„Kwaheri Askari – Auf Wiedersehen, Askari“. Der Junge aus der Lettow-Mappe
Ein imposanter Elefant aus Backstein wartet in Bremen auf die Rückkehr nach Afrika. Das ehemalige Reichskolonialehrenmal formulierte in der Weimarer Republik einen Anspruch Deutschlands auf 'seine' Kolonien.
Mit der Figur wollte Bildhauer Fritz Behn zunächst nur Größe und Überlegenheit deutscher Kolonialherrschaft idealisieren. Als sein Entwurf aus der Kaiserzeit 1932 endlich zur Ausführung kam, war das Kolonialreich zwar längst Vergangenheit. Doch unter dem Einfluß des Nationalsozialismus lebten die alten Ansprüche gerade wieder neu auf. Bremen war eine 'Stadt der Kolonien' und bewarb sich darum, den Titel auch offiziell zu erringen. Wie kein anderes afrikanisches Tier stellte der Elefant die Verbundenheit mit Afrika ganz unmittelbar vor Augen. Nach dem Ersten Weltkrieg konnte das Denkmal mit noch größerer Bedeutung aufgeladen werden.
In einem eigens eingerichteten Raum memorierte ein Totenbuch 1490 Namen von 'Gefallenen'. Soldaten der Kaiserlichen 'Schutztruppe', die zwischen 1914 und 1918 in den Kolonien verstorben waren, ruhten in der sogenannten Krypta unter dem Elefanten hochsymbolisch in afrikanischer Erde und wurden zu Märtyrern stilisiert – jedes gelassene Leben ein Zeugnis für den „unverjährten und unverjährbaren“ Anspruch Deutschlands auf seinen Kolonialbesitz, wie Bürgermeister Theodor Spitta anlässlich der Einweihung 1932 zu verstehen gab. In der Weimarer Republik appellierte der monumentale 'Dickhäuter' vor allem an Ausdauer und „nationales Beharrungsvermögen“ (Übersee- und Kolonialzeitung). 1990 wurde das problematische Kriegerdenkmal von der Hansestadt Bremen in das erste Anti-Kolonial-Denkmal der Bundesrepublik Deutschland umgewidmet. Im Nelson Mandela-Park mahnt der Elefant seither an den Terror und das Unrecht deutscher Kolonialherrschaft. Auf Einladung der Heinrich-Böll-Stiftung rückt Anja Seelke in der ehemaligen Kultstätte ‚weißer’ Kolonialoffiziere am Sonntag, den 5. Mai 2024 um 11 Uhr, den Kriegsdienst ‚schwarzer’ Kolonialsoldaten in den Blick.
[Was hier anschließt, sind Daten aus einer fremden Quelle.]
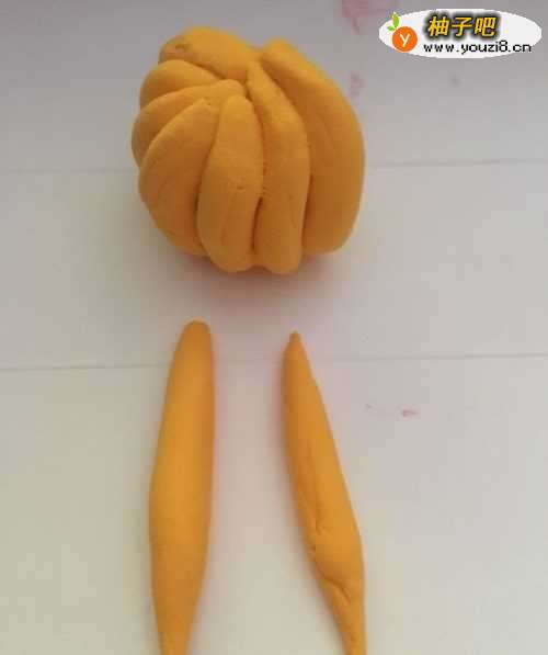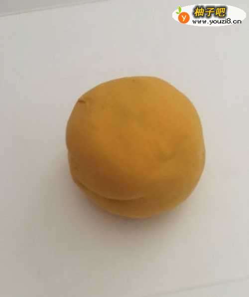 第一步 先用一大块黄色彩泥 团一个圆球 作为第一个南瓜的半成品
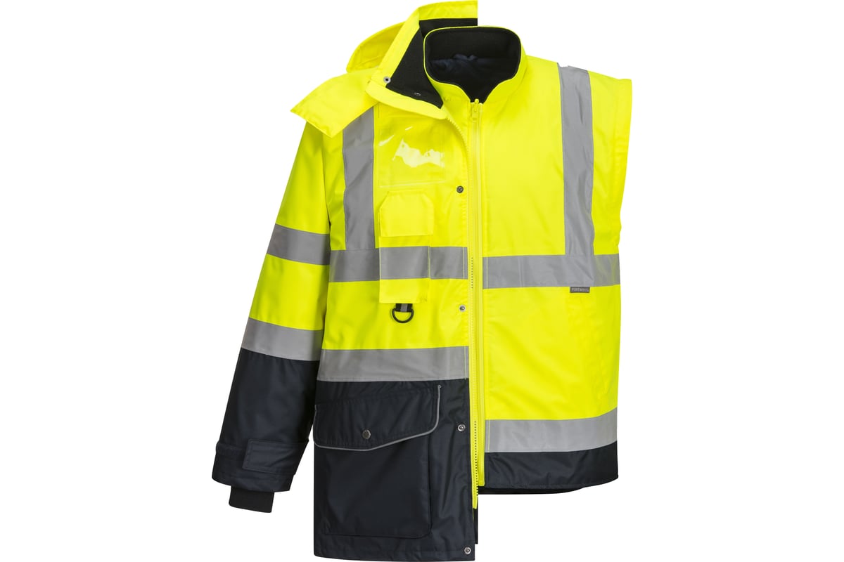 Светоотражающая контрастная куртка PORTWEST Traffic 7-в-1 S426, размер L S426YNRL – инновационная и функциональная куртка с семью вариантами использования. Подходит для любых погодных условий.
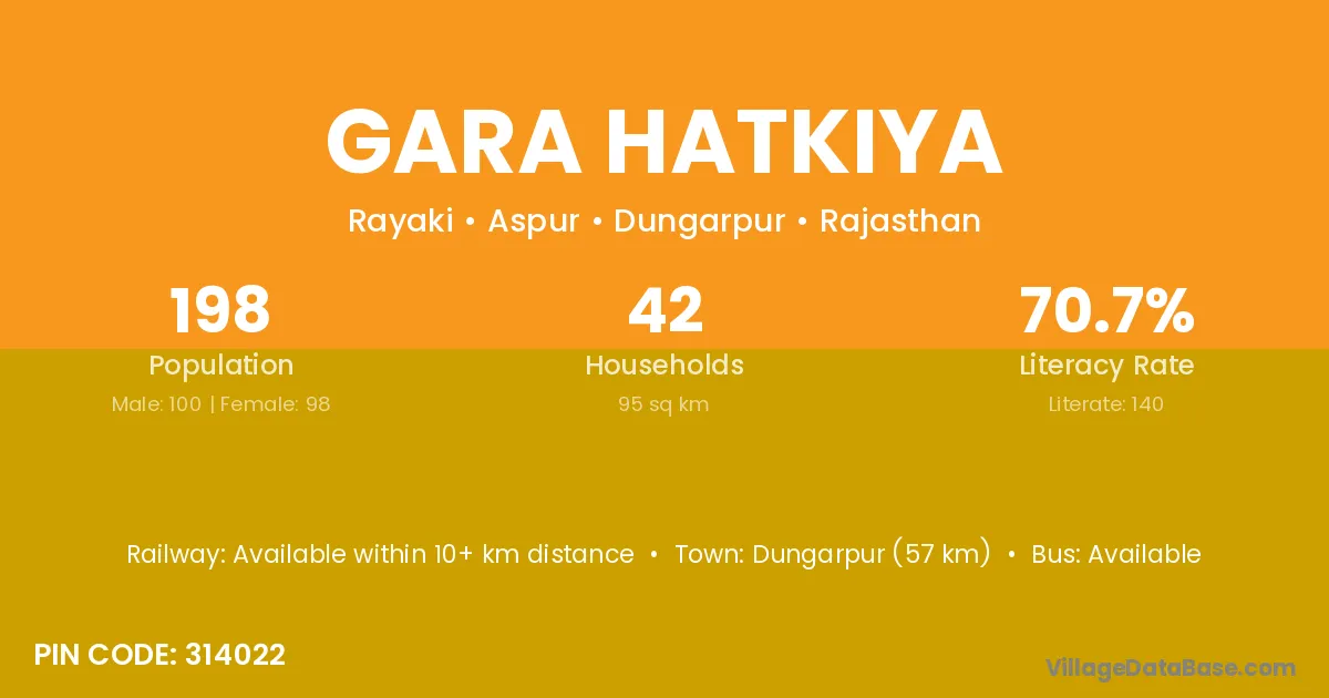 Dungarpur (57 km) is the nearest town to Gara Hatkiya village for major economic activities and is located approximately 57 km away.
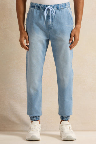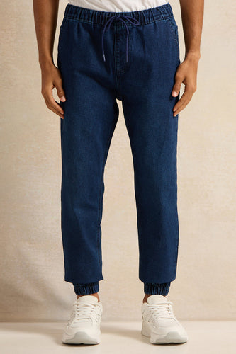 بنطال جينز رجالي رياضي بقصّة رياضية باللون الأزرق الداكن
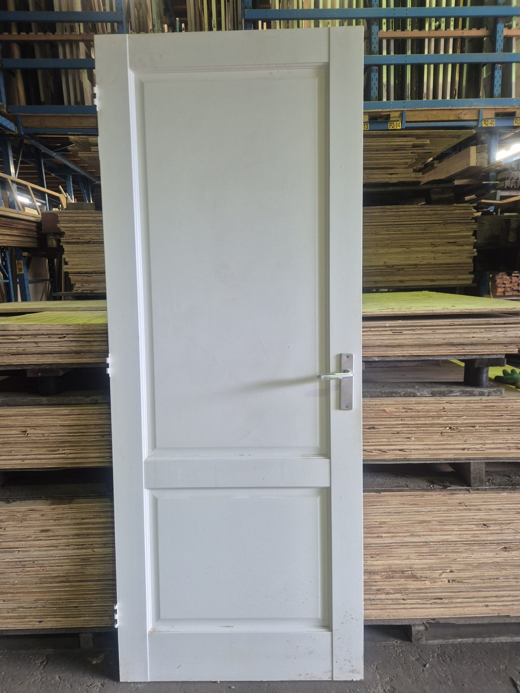 Nette paneeldeur met deurklink. De deur bevat 2 vakken met aan de onderkant een klein vak en de bovenkant een groter vak.

Mustapha bin Mabruk hat unter General von Lettow-Vorbeck den Feldzug in der ehemaligen Kolonie Deutsch-Ostafrika mitgemacht. Nach dem Ersten Weltkrieg wurde der Achtjährige zum perfekten Untertan und idealen kolonialen Soldaten verklärt, der sich angeblich nichts sehnlicher wünsche, als die Rückkehr seiner deutschen Herren. Die 'Treue der Askari' wurde in der Weimarer Republik zum Politikmittel gemacht. Von Historikern längst als Propaganda entlarvt, hält sich die „Legende vom deutschen Kolonialidyll“ (Ralph Giordano) hartnäckig bis in die Gegenwart. Kunsthistoriker erklärten Mustaphas Bild 2018 für „frei von jeder kolonialistischen Sichtweise“ (Bassenge). Das nahm Anja Seelke zum Ausgangspunkt einer Spurensuche.
Ihre 'Lesung vor Porträts' erzählt die Geschichte hinter dem Gesicht allein anhand historischer Quellen und neuerer Forschungsergebnisse. Mit einem eigenen Bild von Mustapha setzt die Malerin auf eine andere Art des Sehens – ein Beitrag zur Aufarbeitung der komplexen deutschen Kolonialgeschichte.
Begrüßung durch Henning Bleyl, Geschäftsführer der Heinrich-Böll-Stiftung Bremen. Einleitende Worte spricht Gudrun Eickelberg, Vorsitzende des Vereins „Der Elefant!“. In Kooperation mit der Landeszentrale für politische Bildung Bremen sowie der Rosa-Luxemburg-Stiftung Bremen.